__What to produce__. Reproduce, from the lines below, exactly the stretch that begins at the line containing "chatGPT의 등장은 대학생들이" and ends at the line containing "- Small & Compact: 0.8", both included.

__Supplied records__.

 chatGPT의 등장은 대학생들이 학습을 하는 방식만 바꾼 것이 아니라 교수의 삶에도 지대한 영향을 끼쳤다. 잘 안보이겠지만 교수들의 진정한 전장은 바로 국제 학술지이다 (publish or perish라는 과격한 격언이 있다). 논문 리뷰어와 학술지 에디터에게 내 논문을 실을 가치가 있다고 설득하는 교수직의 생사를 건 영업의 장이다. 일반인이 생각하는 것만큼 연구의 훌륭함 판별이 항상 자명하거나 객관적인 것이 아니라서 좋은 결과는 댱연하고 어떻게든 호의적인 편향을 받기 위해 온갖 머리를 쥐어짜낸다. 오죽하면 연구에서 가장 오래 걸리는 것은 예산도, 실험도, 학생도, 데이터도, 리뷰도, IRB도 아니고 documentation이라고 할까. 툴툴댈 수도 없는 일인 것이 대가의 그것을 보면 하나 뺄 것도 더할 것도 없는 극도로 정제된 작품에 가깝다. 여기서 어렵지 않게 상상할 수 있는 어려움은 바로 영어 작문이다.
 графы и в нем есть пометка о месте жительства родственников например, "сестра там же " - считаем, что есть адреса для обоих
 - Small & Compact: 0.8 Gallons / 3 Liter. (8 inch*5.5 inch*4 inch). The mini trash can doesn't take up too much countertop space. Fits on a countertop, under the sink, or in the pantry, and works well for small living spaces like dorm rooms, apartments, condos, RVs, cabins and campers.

==

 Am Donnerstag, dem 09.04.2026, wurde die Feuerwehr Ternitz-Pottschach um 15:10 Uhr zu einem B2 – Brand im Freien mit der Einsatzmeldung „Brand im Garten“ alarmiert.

__Response to this task__.
 chatGPT의 등장은 대학생들이 학습을 하는 방식만 바꾼 것이 아니라 교수의 삶에도 지대한 영향을 끼쳤다. 잘 안보이겠지만 교수들의 진정한 전장은 바로 국제 학술지이다 (publish or perish라는 과격한 격언이 있다). 논문 리뷰어와 학술지 에디터에게 내 논문을 실을 가치가 있다고 설득하는 교수직의 생사를 건 영업의 장이다. 일반인이 생각하는 것만큼 연구의 훌륭함 판별이 항상 자명하거나 객관적인 것이 아니라서 좋은 결과는 댱연하고 어떻게든 호의적인 편향을 받기 위해 온갖 머리를 쥐어짜낸다. 오죽하면 연구에서 가장 오래 걸리는 것은 예산도, 실험도, 학생도, 데이터도, 리뷰도, IRB도 아니고 documentation이라고 할까. 툴툴댈 수도 없는 일인 것이 대가의 그것을 보면 하나 뺄 것도 더할 것도 없는 극도로 정제된 작품에 가깝다. 여기서 어렵지 않게 상상할 수 있는 어려움은 바로 영어 작문이다.
 графы и в нем есть пометка о месте жительства родственников например, "сестра там же " - считаем, что есть адреса для обоих
 - Small & Compact: 0.8 Gallons / 3 Liter. (8 inch*5.5 inch*4 inch). The mini trash can doesn't take up too much countertop space. Fits on a countertop, under the sink, or in the pantry, and works well for small living spaces like dorm rooms, apartments, condos, RVs, cabins and campers.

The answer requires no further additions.